Selmins Blog „Tweed and Greet“ war einer der ersten, denen ich gefolgt bin. Ich liebe ihre Art zu schreiben, ihre tollen Bilder, ihren Humor – und es war in meinen Augen nur eine Frage der Zeit, bis sie unter die Autorinnen geht. „Hello Nähmaschine“ heißt ihr Buch, mit dem sie Lust auf das schönste Hobby der Welt machen will. Und Selmin will heute von uns Bloggerinnen wissen: Was waren denn Eure ersten „Hello Nähmaschinen-Momente“?
Dass sich mein Weg mit der einer Nähmaschine kreuzte – daran ist meine Frau „Schuld“. Weihnachten 2015 lag bei mir unter dem Christbaum ein Gutschein für einen „Nähmaschinenführerschein“; ein Kurs über zwei Abende für absolute Nähneulinge. Meine Frau hatte ihn mir geschenkt, weil ich immer mal wieder gesagt hatte, dass ich so gerne mal das Nähen ausprobieren würde, es mir aber nicht zutraue. Schon das Einfädeln, dann diese Schnittmuster (ich hatte alte Burda-Hefte meiner Oma vor meinem inneren Auge…) – mein diesbezügliches Selbstbewusstsein hätte nicht ausgereicht, mich „einfach so“ daran zu wagen. Also wollte mir meine Frau einen Schubs geben – mit Erfolg (ich weiß schon, warum ich die geheiratet habe…).

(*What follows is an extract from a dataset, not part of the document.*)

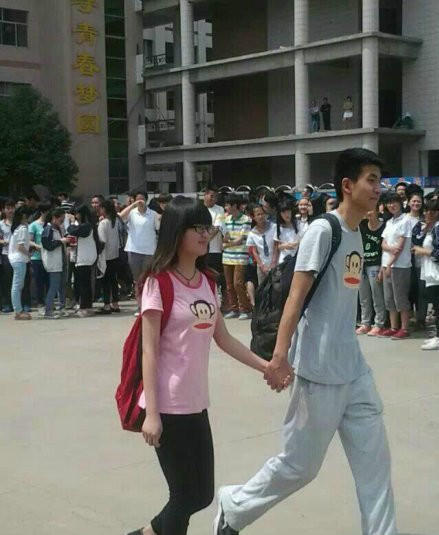 高三情侣告别地下情,高调步出考场

Als ich nach dem ersten Führerschein-Abend nach Hause kam – wir hatten das Einfädeln an einer einfachen Maschine geübt und auf Papier gerade und Zickzack-Linien nachgenäht – sagte meine Frau zu mir: „Du hast so ein Leuchten in den Augen.“ Ja, und so fühlte ich mich auch: Erleuchtet. Ich war wie elektrisiert von dieser Erfahrung. Wie gesagt: zu diesem Zeitpunkt hatte ich noch nicht auf Stoff genäht!! Aber dieser Abend war wie der Beginn einer großen Liebe, Liebe auf dem ersten Blick. Die Verbindung von Handwerk und Kreativität – die hatte mich gefangen. Mir war klar: Das will ich lernen! Das will ich „richtig gut“ können! Da werde ich mich durchbeißen! Und im Prinzip trägt mich diese Euphorie bis heute von Nähprojekt zu Nähprojekt  – bzw. lässt mich nach einem Misserfolg zuversichtlich wieder an die Nähmaschine zurückkehren. Das Leuchten ist bis heute nicht erloschen, im Gegenteil.

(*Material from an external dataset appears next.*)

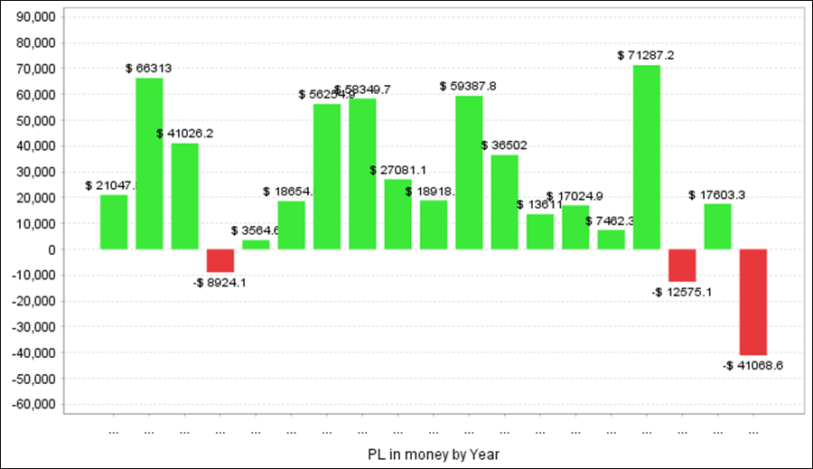X ドル円は過去18年で+47.1万円の収益でした。最大ドローダウンは低めです。

In diesem Führerscheinnähkurs sind dann auch noch meine beiden ersten Nähprojekte entstanden: Eine Kissenhülle mit seitlichem (!) Hotelverschluss in einem Format, in dem auf dieser Welt keine Kisseninlays hergestellt werden. Und eine „Wickeltasche“ mit Platz für 2 Windeln. Ich weiß noch, wie stolz ich war, dass „das mit dem Gummiband und dem Knopf“ tatsächlich geklappt hatte :-) (Die Stoffauswahl der Windeltasche finde ich aus heutiger Sicht recht fürchterlich…aber auch der Sinn für Stoffästhetik entwickelt sich eben erst mit der Zeit…).
Eines meiner ersten Projekte zu Hause war dann ein Cordhose für meinen damals 2jährigen Sohn, die er lange getragen hat. Da war es dann endgültig um mich geschehen. Ich wollte Kleidung nähen lernen! Kissen und Taschen – ok, aber Kleidung – dahin zog es mich mit großer Energie. Und auch das ist bis heute so geblieben.
Das Nähen ist zu dieser Zeit mit großer Wucht in mein Leben getreten – und das ist bis heute so geblieben.
Ich empfinde es als großes Geschenk, meiner Frau, unserem Sohn oder mir Kleidungsstücke erschaffen zu können, die uns gefallen, die uns passen, die aus nachhaltig produzierten Stoffen bestehen und die nicht Teil einer menschen- und naturverachtenden Industrie sind.
Und das, obwohl ich immer noch das Gefühl habe, dass ich noch sehr, sehr, sehr viel lernen muss. Bei jedem noch so kleinen Projekt lerne ich dazu – und die großen Projekte kommen Schritt für Schritt.
Und für noch eine Tatsache bin ich dem Nähen unendlich dankbar: Es hat mich zur Bloggerin gemacht. Diese Facette bereichert mein Leben ungemein, und ich kann es selbst kaum fassen, dass ich heute sogar mit „Menschen(s)kinder“ eine Linkparty und  aktuell sogar einen Sew-Along veranstalte. Das ist schon alles ziemlich verrückt..
Ich wünsche mir, dass durch Selmins Buch, dem man die große Liebe und Leidenschaft einfach anmerkt, die sie da hineingesteckt hat, ganz viele neue Näherinnen und Näher den Weg an die Nähmaschine finden. Weil Nähen unglaublich schön ist. Und weil es eine politische Dimension hat :-) !
In diesem Sinne: Ran an die Nähmaschine und alles Liebe für Euch!